Bülent Yılmaz ise; “Heybeliada Kütüphane Binasını Kaybettik!” başlıklı bir mektup kaleme aldı:
“Heybeliada Halk Kütüphanesi Türkiye için çok, belki de biricik önemli bir deneyimdi. Ada halkı 3-4 yıldır ne kadar çok uğraştı. Dernek kurdu, çalıştaylar, konferanslar yaptı. Stratejik planlar geliştirdi. Kitap kampanyaları başlattı. Şenlikler düzenledi. Ben de kişisel olarak onlara yardımcı olmaya çalıştım. Valilik, vali yardımcıları ile, Kültür Müdürleri ile görüştük. Her seferinde merak etmeyin yanıtını aldık. En son 2 ay öncesi garanti vermişti Vali Yardımcısı. Hiçbir sorun yok demişti. Ancak olmadı.
Türkiye’nin bu boyutta sivil toplum-halk kütüphanesi buluşmasını gerçekleştiren, halk kütüphanelerinin ufkunu açacak projesi belki de tek (ya da birkaç örnekten birisi) örneği yaşamadı. Yaşatamadık. Çok kötü oldu. Başaramadık. Sorumluyuz. Çok üzgünüm.
Burada, mesele tek bir kütüphane meselesi, Heybeliada meselesi değildi. Yeni bir yol, ufuktu. Anlayamadık; yazık oldu. Yine de sonuç değil süreç önemlidir diyor ve o güzel Ada halkına içten sevgi ve saygılarımı gönderiyorum. Bu çabaları tarihe geçecektir; bizim sorumsuzluklarımız da tabii!”
Dernek üyeleri mücadeleyi bırakmış değil. Yapının kütüphane olması amacıyla başlatılan sürecin aynı şekilde devam etmesini sağlamaya çalışıyorlar. Bunun için yetkililerle görüşüyor, binanın mülkiyet hakkı kimde olursa olsun, buranın -başka bir yere dönüşmeden- kütüphane olarak faaliyet göstermesini istiyorlar.
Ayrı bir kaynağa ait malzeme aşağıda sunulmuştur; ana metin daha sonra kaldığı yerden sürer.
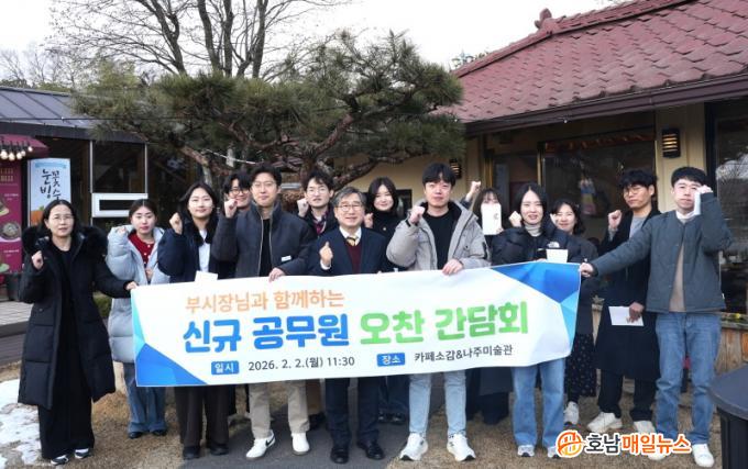 Çà»ç´Â Æí¾ÈÇÑ ºÐÀ§±â ¼Ó¿¡¼ ÀÚÀ¯·Î¿î ´ë´ã°ú ¿ÀÂùÀ» ÇÔ²²ÇÏ´Â Çü½ÄÀ¸·Î ÁøÇàµÆÀ¸¸ç ½Å±Ô°ø¹«¿øµéÀº ¾÷¹« ÀûÀÀ °úÁ¤¿¡¼ÀÇ ¾î·Á¿ò°ú °í¹ÎÀ» ¼ÖÁ÷ÇÏ°Ô ³ª´©°í ºÎ½ÃÀåÀ¸·ÎºÎÅÍ Áø¼ÖÇÑ Á¶¾ð°ú Çö½ÇÀûÀÎ Çǵå¹éÀ» ¹Þ¾Ò´Ù.
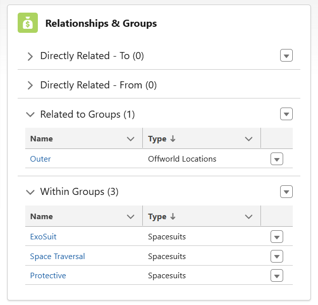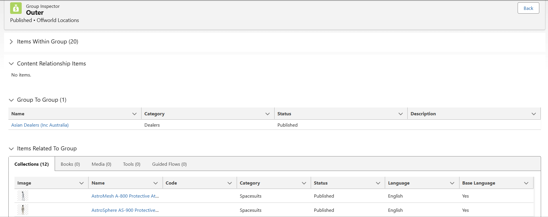 Using the Group Inspector on the ‘Outer’ Category reveals a larger part of this picture. Here, you can see that there are 20 items directly within the Group of Outer. The group is directly related to the group containing various dealerships, and 12 collection records (in this case Spacesuits) are related to this group, allowing for data manipulation within the app screens.
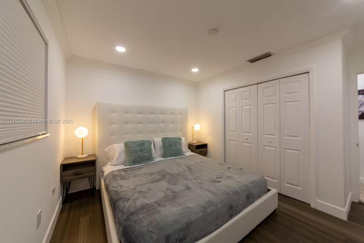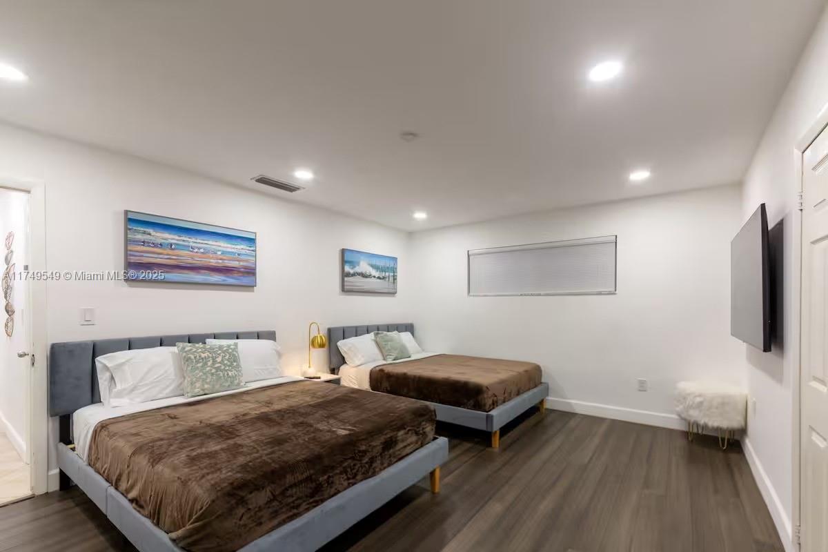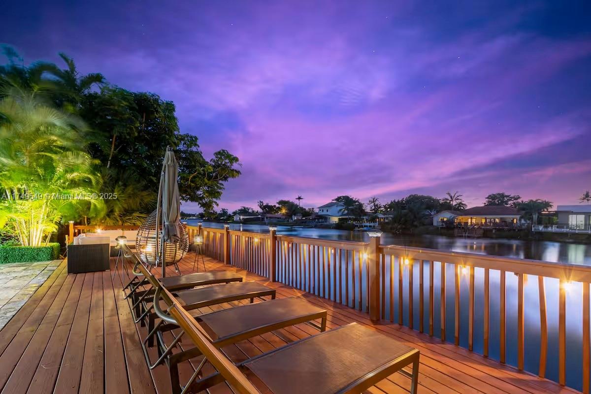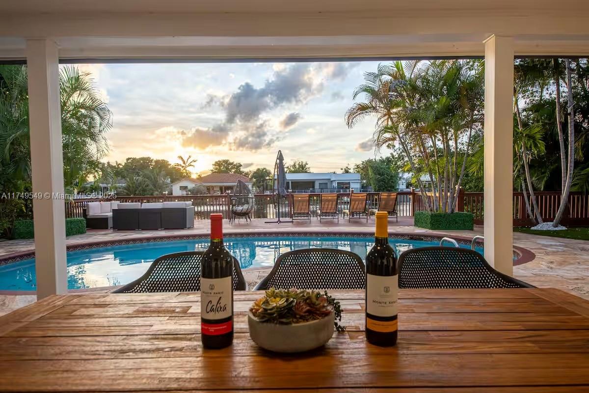 Espectacular 4 BD 3 full BA home with direct lake view from the moment you enter. Contemporary open floor plan. Wood floors in bedrooms. Living area has beautiful natural tiles thru out. Gourmet kitchen, quartz counter tops, top of the line S/S appliances, French doors, sophisticated security system & separate laundry room. Backyard has sparkling pool surrounded by wood deck & tropical landscaping overlooking lake.
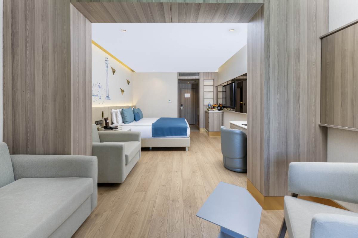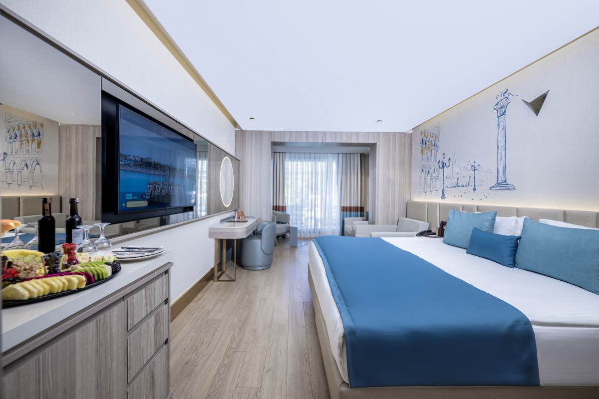 Swim Up; there are 44 of them. It is 40 m² in width, consisting of 1 bedroom. There is 1 double bed and 2 sofas. It's suitable for a maximum of 2+2 or 3+1 accommodation.
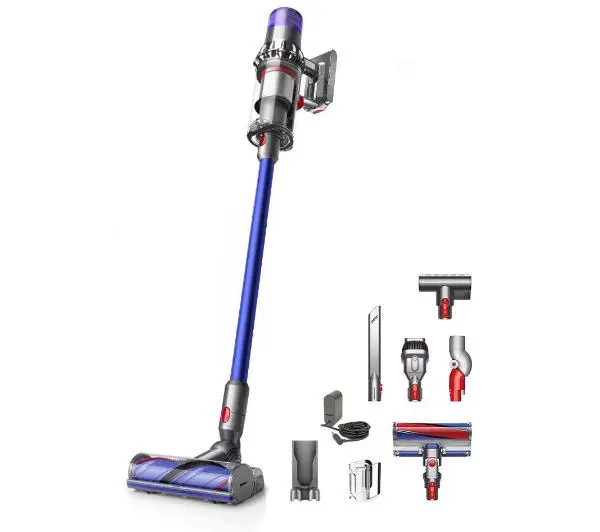 <p></p>Duża moc ssania¹. Wydajne i inteligentne sprzątanie całego domu.1<p>Do 60 minut czasu pracy</p><p>Wychwytuje 99.99% kurzu i bakterii tak małych jak 0,3 mikrometra3</p><p>2 elekstroszczotki i 7 akcesoriów w zestawie</p> Silnik Dyson Hyperdymium™<p>Obraca się z prędkością do 125 000 obrotów na minutę, co daje dużą moc ssania Dyson.1</p> <p>Technologia Radial Root Cyclone™</p><p>14 cyklonów generuje siłę o wartości ponad 79 000G, wyrzucając do pojemnika kurz bez zatykania filtra, dzięki czemu nie dochodzi do utraty mocy ssania.</p><p>Zaawansowana filtracja całego urządzenia</p><p>Hermetyczny system filtracji wychwytuje 99,99% cząsteczek tak drobnych, jak 0,3 mikrometra, w tym bakterii i alergenów.3</p><p>Tryb Med</p><p>Tryb Med zapewnia optymalną równowagę między mocą ssania i czasem pracy.</p>Nowa mini elektroszczotka<p>Idealna do sprzątania małych powierzchni, tapicerki czy schodów. Napędzane silnikiem sprzątanie małych powierzchni.</p> <p>Nowa Elektroszczotka Motorbar™</p><p>Zbiera długie włosy i zwierzęcą sierść automatycznie zapobiegając ich plątaniu. Specjalnie zaprojektowane grzebienie automatycznie usuwają owiniętą sierść i włosy ze szczotki bezpośrednio do pojemnika. Zapewnia dokładne sprzątanie każdej powierzchni. Mocny silnik umieszczony wewnątrz wałka elektroszczotki pozwala na skuteczne sprzątanie dywanów i podłóg twardych.</p><p>Elektroszczotka FluffyTM</p><p>Zbiera duże zanieczyszczenia i drobny kurz z podłóg twardych. Wałek elektroszczotki Fluffy™ pokryty jest miękką nylonową tkaniną, która zbiera większe zanieczyszczenia, podczas gdy antystatyczne włókna węglowe usuwają drobny kurz.</p>Tryb Med<p>Tryb Med zapewnia optymalną równowagę między mocą ssania i czasem pracy.</p> Tryb Eco<p>Do 60 minut pracy.* Idealny do dłuższego czyszczenia dużych domów i każdego rodzaju podłogi.</p>Tryb Boost<p>Intensywne czyszczenie wtartego brudu.</p>Dokładne sprzątanie każdej powierzchni<p> </p> <h2>Wszystkie funkcje</h2><p>Inteligentnie wyświetla aktualne informacje</p><p>Monitoruje działanie urządzenia 8000 razy na sekundę, a następnie wyświetla aktualne informacje na ekranie LCD.</p><p>Dokładne czyszczenie podłóg i dywanów</p><p>Wbudowany silnik cyfrowy obraca wałek szczotki z prędkością do 60 obrotów na sekundę. Sztywne nylonowe włosie szczotki wchodzi głęboko w dywan, aby usunąć brud, a włókna węglowe wychwytują drobny pył na twardych podłogach.</p><p>Wymienny akumulator</p><p>Wyjmij akumulator po wciśnięciu przycisku i zastąp go drugim dla jeszcze dłuższego czasu sprzątania. Dodatkowe akumulatory mogą być ładowane razem z urządzeniem lub osobno. (Drugi akumulator nie znajduje się w zestawie)</p><p>Higieniczne opróżnianie pojemnika „Point and shoot”</p><p>Mechanizm „Point and shoot” higienicznie wyrzuca cały kurz i brud w głąb kosza na śmieci, dzięki czemu nie trzeba dotykać zabrudzeń.</p><p>Przechowywanie Drop-in</p><p>W celu łatwiejszego przechowywania urządzenia i akcesoriów odkurzacz Dyson V11™ ładuje się w ściennej stacji ładującej. W ten sposób jest zawsze gotowy do ponownego użycia.</p><h2>W pudełku</h2><p>Dyson V11 Absolute odkurzacz bezprzewodowy</p><p>Elektroszczotka MotorbarTM do wszystkich rodzajów podłóg</p><p>Elektroszczotka FluffyTM do podłóg twardych</p><p>Mini elektroszczotka</p><p>Końcówka Combi</p><p>Końcówka szczelinowa</p><p>Końcówka Low Reach</p><p>Stacja dokująca</p><p>Ładowarka</p><h2>Specyfikacje</h2><p>Technologia cyklonowa</p><p>14 koncentryczych cyklonów</p><p>Moc ssania</p><p>185 AW</p><p>Objętość pojemnika</p><p>0,76 l</p><p>Filtrowanie</p><p>Zaawansowana filtracja całego urządzenia</p><p>Głowica czyszcząca</p><p>Motorbar, Fluffy</p><p>Czas pracy</p><p>Do 60 minut</p><p>Wysokość</p><p>261 mm</p><p>Długość</p><p>1286 mm</p><p>Szerokość</p><p>250 mm</p><p>Czas Ładowania</p><p>4,5 h</p><p>1Moc ssania testowana przy szczotce według EN 60312-1 CL5.8 i CL5.9, przy pełnym pojemniku, w trybie Boost.</p><p>3System filtracji przetestowany zgodnie z normą EN IEC62885-4 CL5.11 w trybie Boost.</p><p>4Przy wykorzystaniu dwóch akumulatorów, testowany zgodnie z EN 60312-1 CL5.8 i 5.9 przy pełnym pojemniku.</p>
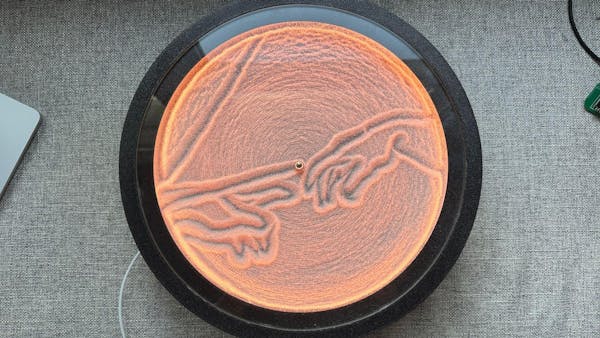 We have seen a handful of comparable contraptions, each accessible as shopper merchandise and DIY builds. They arrive in varied sizes, from massive models that double as espresso tables to extra affordable affairs like this one. All of them observe related rules to attract strains within the sand, leading to pleasing patterns and even recognizable photos. Vigue’s design, like most of them, accomplishes that by dragging a metal ball bearing round throughout a tray of sand. Beneath that tray is a kinematic system with a strong magnet that pulls the ball with sufficient drive to maneuver by means of the sand.
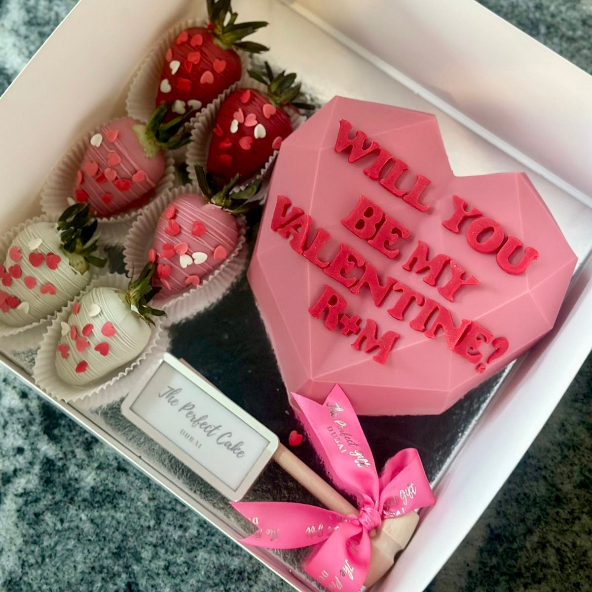 'Will you be my Valentine' Choco-Smash Heart Cake with Dipped Strawberries

“Günümüzün kütüphaneleri nasıl olmalı?” sorusuna verilen yanıtlardan ilki, kütüphanelerin yaşayan yerler olması gerektiği. Heybeliada’da, henüz ortada bir kütüphane yokken bu yaratıldı. Yaşam boyu öğrenme merkezinin temeli atıldı. Halkla, sivil toplum kuruluşlarıyla, kütüphanecilerle, yazarların ve her yaştan okurların buluşması sağlandı. Artık bu örnek girişime bir kütüphane gerekli. Bürokratik engeller aşılmalı ve tarihi yapı yeniden kütüphane olarak açılmalı.